# Geographic Distance

For two countries, we define their geographic distance in kilometers as the population-weighted average distance between any pairs of cities from those two countries, subject to some inclusion criteria.

Comma-Separated Values (.csv)

Dataset Format:

Data type: cross-sectional.

Number of cities processed: 26,341.

Number of countries covered: 245.

Number of country dyads: 60,025.

Variables included:

Population-weighted Average Distance (in km)

Population-weighted Avg Distance (fraction of earth's hemicircumference)

Border: dummy indicating that the countries border each other

Population-weighted Latitudinal Distance (difference in degrees)

Population-weighted Longitudinal Distance (difference in degrees)

### Methodology

Our new geographic distance database builds on the methodology of the widely-used CEPII GeoDist database by Mayer and Zignago (2011), and provides updated and improved bilateral distance measures for 245 countries, up from 224.
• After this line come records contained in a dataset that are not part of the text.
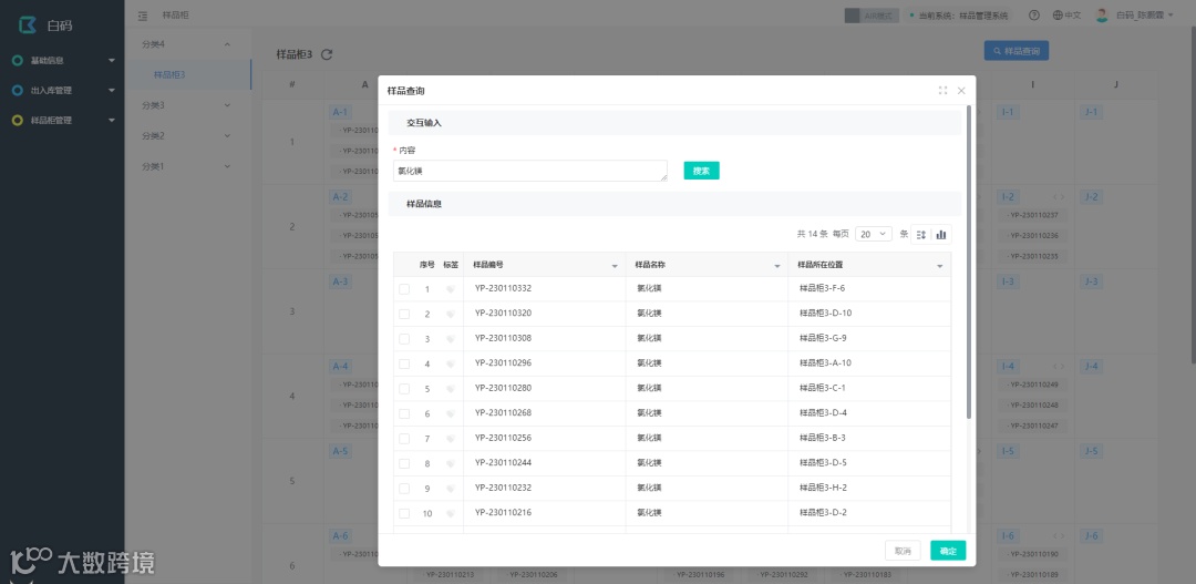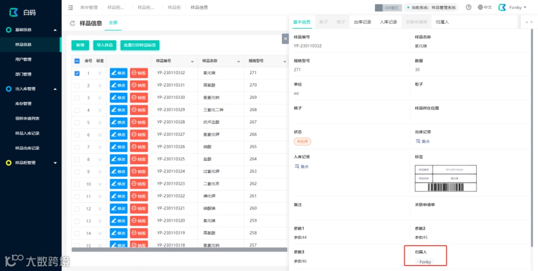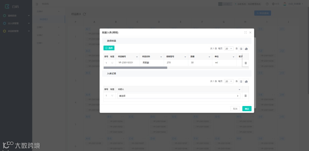 样品标签全程溯源:通过扫描每个样品的唯一标签,出入库流程一目了然,从此告别手动选择出入库。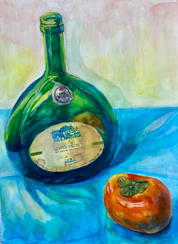 • ボトルと柿の配置は、静物画として非常に安定感があります。横たわるボトルと立体的な柿が、視線を自然に誘導し、画面に動きとバランスを与えています。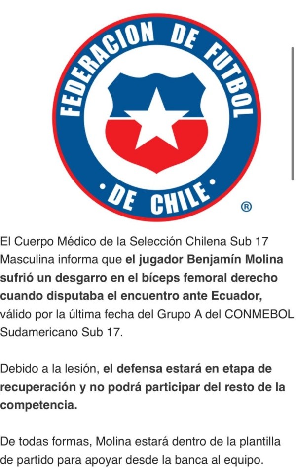 “El cuerpo médico de la selección chilena Sub 17 masculina informa queel jugador Benjamín Molina sufrió un desgarro en el bíceps femoral derecho cuando disputaba el encuentro ante Ecuador,válido por la última fecha del Grupo A del CONMEBOL Sudamericano Sub 17”, detallan.

We utilize the GeoNames database to obtain more current and comprehensive information on city populations and locations. Specifically, we start from the cities500 file, which provides information on the geographic coordinates and the population of 209,311 cities, including all cities with a population of over 500. One important advantage of this file with respect to GeoDist is that it provides up-to-date country names, ISO codes and boundaries.

Starting from this file, we perform a selection of the available cities in order to maintain computational feasibility. Consistent with the methodology of GeoDist, that uses the 25 largest cities for each country to compute the population-weighted distance, we keep the top-50 cities of every country. Some countries have fewer than 50 cities, in which case we keep them all. The other key difference with respect to GeoDist, is that we aim to retain as much of the rest of the dataset as possible. In particular, for each country covered, we aim to cover at least half of the country's population. In practice, within each country, we rank cities inversely to their population, and we only discard cities that have both a rank above 25, and a cumulative population share of over 1/2. The resulting dataset includes 26,341 cities, a five-fold increase from GeoDist.

We use the Haversine formula to compute bilateral city distances using their latitude and longitude. We then take country-level population-weighted distances. For internal distances (a country's distance with itself) we exclude zero distances. That is, we exclude the distance of a city to itself.

There are 13 very small countries in the dataset that only have one settlement (e.g. Falkland/Malvinas Islands and the Vatican). For these countries the internal population-weighted distance is undefined, and we impute it with the country's land area using Leamer's formula - √(area/π) . We empirically verified that this approach provides the best area-based prediction of a country's internal distance among common alternatives, measured as the mean squared error of the predicted log internal distance.

Additionally, we include similar measures of latitudinal and longitudinal distance (in degrees) and a dummy variable indicating whether each country pair shares a land border, allowing researchers to control for contiguity effects in gravity model estimations.